July 12, 2007:
The lifestyle police are out and about in
North Korea. Karaoke bars and video parlors (where you can watch DVDs on large
TV screens) are being shut down. Along the Chinese border, police are searching
homes and businesses looking for cell phones (which can get a signal from
towers just across the border) and smuggled goods (particularly South Korean
DVDs and music CDs). The increasingly powerful criminal gangs are fighting
back, and more dead bodies are showing up. So the government is trying to rid
the cities of the criminal element. Anyone who misbehaves is being forced to
live in the country (where it's much easier to starve to death). It's all about
economic reforms that have created more wealth in the north. There is a debate
in the North Korean government about how to handle economic growth. China
presents itself as a model (economic freedom within a communist dictatorship).
But many North Korean leaders are not sure their people could handle the truth,
about the decades of lies about how much better North Korea was doing
economically, than the rest of the world.
Too late for that. Most North Koreans now know, but are too busy just
trying to survive to think about a revolution. But the government knows their
history. Revolution comes as the economy improves. Thus a substantial
improvement in the economy could bring the revolution North Korea's leaders
have long feared. What do do? Close Karaoke bars.
July 11, 2007: North Korea has invited UN
IAEA inspectors to return and verify that their nuclear weapons research
reactor was shut down. This is being done in exchange for shipments of fuel oil
and food, both of which are in short supply up north. South Korea has already sent the first
shipments north, with more to come once the nuclear weapons program in the
north is shut down. Unemployment in the north is about ten times what it is in
the south (3.4 percent). Most North Koreans now know they are screwed, and that
life is much better in neighboring China and South Korea.
July 6, 2007:
North Korea has apparently completed testing of a new short range
ballistic missile (the KN02). Based on Russian 1980s design (the SS21), the new
missile has a range of about a hundred kilometers and carries a half ton
warhead. The guidance system is much improved over what the North Koreans have
been using. The SS21 is the Russian replacement for the SCUD, which was based
on German World War II designs (the first combat ballistic missile, the V2).

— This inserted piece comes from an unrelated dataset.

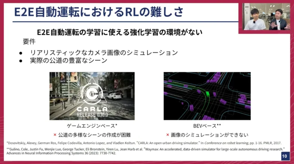 つまり、リアルなカメラ画像をシミュレーションでき、かつ豊富なシーンを持つシミュレーターが存在しないという点が、E2E自動運転における強化学習の大きな課題となっています。

The SCUD used liquid fuel, which was dangerous and expensive to handle, and
time consuming to load into the missile before launch. Most North Korean
missiles still use liquid fuel, making it difficult to hide preparations for a
major operation, like an invasion of South Korea. The new solid fuel missiles
are mainly for export, as North Korea needs the cash more than it needs better
weapons for invading the south.
July 3, 2007:
Japan's crackdown on pro-North Koreans in Japan, and economic ties to
North Korea in general, has forced North Korea to turn to China for most of its
imports. For decades, Japan had been the major supplier of key goods,
especially manufactured items. The quality of Chinese goods has increased a lot
in the last decade, but the difference is still noticeable.